In [1]:

import sympy as S
S.var("x mu sigma", real=True)

Out[1]:

$$\begin{pmatrix}x, & \mu, & \sigma\end{pmatrix}$$

Here's the likelihood for a 1-d normal distribution, in terms of two parameters: the mean $\mu$ and standard deviation $\sigma$

In [2]:

f = 1/(sqrt(2*S.pi)*sigma)*S.exp(-(x-mu)**2/(2*sigma**2))
f

Out[2]:

$$\frac{\sqrt{2}}{2 \sqrt{\pi} \sigma} e^{- \frac{\left(- \mu + x\right)^{2}}{2 \sigma^{2}}}$$

And here's the log likelihood, which we can tidy up:

In [3]:

ll = log(f)
ll

Out[3]:

$$\log{\left (\frac{\sqrt{2}}{2 \sqrt{\pi} \sigma} e^{- \frac{\left(- \mu + x\right)^{2}}{2 \sigma^{2}}} \right )}$$

In [4]:

ll = simplify(logcombine(ll))
ll

Out[4]:

$$\log{\left (\frac{1}{\sigma} \right )} - \frac{1}{2} \log{\left (\pi \right )} - \frac{1}{2} \log{\left (2 \right )} - \frac{\left(\mu - x\right)^{2}}{2 \sigma^{2}}$$

Let's pull out the derivatives of the log-likelihood: $\frac{\partial\mathcal(l)}{\partial\mu}$, $\frac{\partial\mathcal(l)}{\partial\sigma}$

In [5]:

ll.diff(mu)

Out[5]:

$$- \frac{1}{2 \sigma^{2}} \left(2 \mu - 2 x\right)$$

In [6]:

ll.diff(sigma)

Out[6]:

$$- \frac{1}{\sigma} + \frac{1}{\sigma^{3}} \left(\mu - x\right)^{2}$$

Second derivatives:

In [7]:

ll.diff(mu, mu)

Out[7]:

$$- \frac{1}{\sigma^{2}}$$

In [8]:

ll.diff(mu, sigma)

Out[8]:

$$\frac{1}{\sigma^{3}} \left(2 \mu - 2 x\right)$$

In [9]:

ll.diff(sigma, sigma)

Out[9]:

$$\frac{1}{\sigma^{2}} \left(1 - \frac{3}{\sigma^{2}} \left(\mu - x\right)^{2}\right)$$

In [10]:

simplify(_)

Out[10]:

$$\frac{1}{\sigma^{4}} \left(\sigma^{2} - 3 \left(\mu - x\right)^{2}\right)$$

Let's find the point where the gradient is zero for $\mu$ and $\sigma$

In [11]:

solve(f.diff(mu), mu)

Out[11]:

$$\begin{bmatrix}x\end{bmatrix}$$

In [12]:

solve(f.diff(sigma), sigma)

Out[12]:

$$\begin{bmatrix}- \mu + x, & \mu - x\end{bmatrix}$$

What if we want to use these calculations in numerical optimization code?

In [13]:

d2f_sigma2 = lambdify((mu, sigma, x), f.diff(sigma, sigma))

In [14]:

d2f_sigma2(1.2, 2, 3)

Out[14]:

$$-0.0463620287292$$

In [15]:

timeit d2f_sigma2(1.2, 2, 3)

1000000 loops, best of 3: 1.61 µs per loop

In [17]:

from sympy.utilities import codegen

In [18]:

codegen.ccode(f)

Out[18]:

'(1.0L/2.0L)*sqrt(2)*exp(-1.0L/2.0L*pow(-mu + x, 2)/pow(sigma, 2))/(sqrt(M_PI)*sigma)'

In [19]:

 print codegen.codegen(('d2f_dsigma2', f), 'C', 'd2f_dsigma2')[0][1]

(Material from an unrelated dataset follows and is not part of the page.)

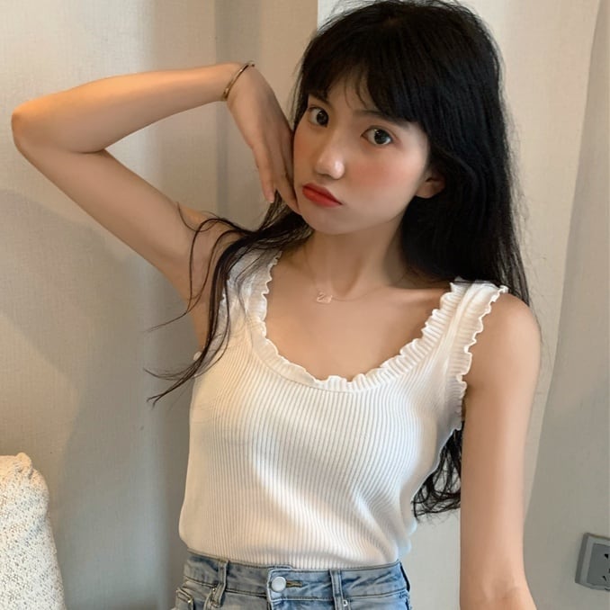 トップス タンクトップ プルオーバー ミディアム丈 Uネック 袖フリル インナー かわいい 大人可愛い きれいめ シンプル 上品 おしゃれ かっこいい レトロ きちんと こなれ感 個性的 主役級 存在感 抜け感 オールシーズン キュート ナチュラル ベーシック ガーリー 無地 レディース 女性用 ママ OL 通勤 オフィス 学生 通学 デート お出かけ お泊まり イベント 女子会 休日 アウトドア カフェ ショッピング レストラン コンパ レイヤード 重ね着 普段使い デイリー 着回し ワンサイズ

/******************************************************************************
 *                     Code generated with sympy 0.7.4.1                      *
 *                                                                            *
 *              See http://www.sympy.org/ for more information.               *
 *                                                                            *
 *                       This file is part of 'project'                       *
 ******************************************************************************/
#include "d2f_dsigma2.h"
#include <math.h>

double d2f_dsigma2(double mu, double sigma, double x) {

   return (1.0L/2.0L)*sqrt(2)*exp(-1.0L/2.0L*pow(-mu + x, 2)/pow(sigma, 2))/(sqrt(M_PI)*sigma);

}

Too lazy to compile a C extension. Do it for me!

In [20]:

from sympy.utilities import autowrap

In [21]:

fw = autowrap.autowrap(f.diff(sigma, sigma))

In [22]:

timeit fw(1.2, 2, 3)

1000000 loops, best of 3: 214 ns per loop

In [24]:

logpdf = autowrap.autowrap(ll)

In [27]:

logpdf(2.3, 6., 1)

Out[27]:

$$-2.73417022465$$

In [40]:

from scipy.stats.distributions import norm
s_logpdf = norm.logpdf

In [41]:

s_logpdf(1, 2.3, 6.)

Out[41]:

$$-2.73417022465$$

In [42]:

%timeit logpdf(2.3, 6., 1)

1000000 loops, best of 3: 197 ns per loop

In [43]:

%timeit norm.logpdf(2.3, 6., 1)

10000 loops, best of 3: 86 µs per loop

In [45]:

x = np.arange(100)
vlogpdf = np.vectorize(logpdf)

In [47]:

timeit vlogpdf(2.3, 6, x)

10000 loops, best of 3: 51.8 µs per loop

In [48]:

timeit s_logpdf(2.3, 6., x)

10000 loops, best of 3: 108 µs per loop